Q: Would you tell us about the history and goals of Foxhall Capital Management?
A: Foxhall Capital Management, Inc. is a SEC Registered Investment Advisor founded in 1986. Currently, we oversee a bit less than $1 billion in assets under management. We manage investments for private investors, religious institutions, union pension funds, mutual funds and large private institutions.
I serve as the CEO and Co-Chief Investment Officer of the company, our primary investment goal is to first try to limit the loss of our client’s principal during long-term bear markets and to invest in a globally diversified portfolio that includes an asset allocation in commodities like gold and oil, during long-term bull markets.
Q: What is your investment strategy?
A: We have always been tactical investment managers. Our investment team utilizes, what we call, the Foxhall Dual Investment Strategy. This dual methodology keeps investors largely invested during long-term bull markets, and once a long-term bear market is identified, the strategy moves investors out of stocks and into cash, treasury bonds or other investments with the aim to protect investor’s principal.

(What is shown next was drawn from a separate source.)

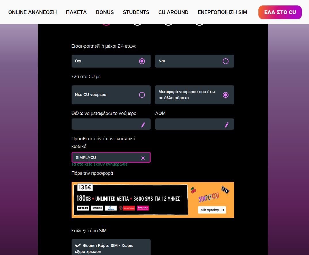 Για να μπορέσεις να το πάρεις, θα πρέπει στην σχετική ενότητα παραγγελίας καρτοκινητού να βάλεις τον κωδικό Simply CU, όπως δείχνει η εν λόγω εικόνα. Αφορά και φορητότητα, αλλά και νέο αριθμό, ενώ δίνεται και σε όσους δεν είναι φοιτητές.

In addition, we use a range of trend-following techniques to identify both bull or bear markets through a combination of long-term moving averages, such as two-year moving averages and other trend channel technical indicators.
During a long-term bear market, even in our ETF strategies, we can go up to a 100% into U.S. Treasuries or cash to protect our clients from any significant loss of principal.
During long-term bull markets, we try to stay fully invested in global stock markets and commodities.
Q: How would you describe your research process?
A: In bull markets, we first try to provide a globally diversified portfolio. We believe a globally diversified portfolio is the safest and most conservative asset allocation available today.
When looking at underlying holdings and stocks, we like companies that have the best fundamentals, namely, low or moderate price-to-earnings ratios, a minimum of 18% return on equity, high cash flow, and great management. Furthermore, we prefer companies that are outperforming the S&P 500 index over the past 12 months.
With regard to developed markets, we primarily focus on those companies in the United States that have major global brands and are participating in the growth of Asia and emerging markets. For example, Coca-Cola, Wal-Mart, Johnson & Johnson, McDonalds or General Electric Company are companies with spectacular earnings, but when we drill down, we find they are either losing money or not making many profits here in the United States while generating 50% to 80% of their profits from international sales.
Q: What is the main difference between investing in exchange-traded funds and in stocks?
A: The best thing about ETFs is they are broadly diversified and have a lower volatility than investing in individual stocks.
In contrast, stock portfolios tend to be more volatile simply because they comprise individual stocks, even if they are globally diversified. We try to limit volatility in our individual stock portfolios with our conservative value-oriented stock picking strategies that combine both a value and growth approach to investing.
Moreover, all of our portfolios maintain an exposure to commodities and hard assets, Asia and emerging markets, as well as the consumer stocks from developed markets like the United States. That is actually the only difference between our ETF and stock strategies.
We still maintain our overall dual investment strategy for ETFs and stocks of exiting the stock market during long-term bear markets.
Q: How do you build your portfolio?
A: In addition to being 100% invested in equities during long-term bull markets, we allocate our holdings in developed markets and pick investment opportunities in Asia and emerging markets along with physical commodities and commodity producing companies.
Our base line asset allocation is 60% in developed markets, 24% in Asian and emerging markets and 16% in global hard assets like gold, oil and other commodities and commodity producers.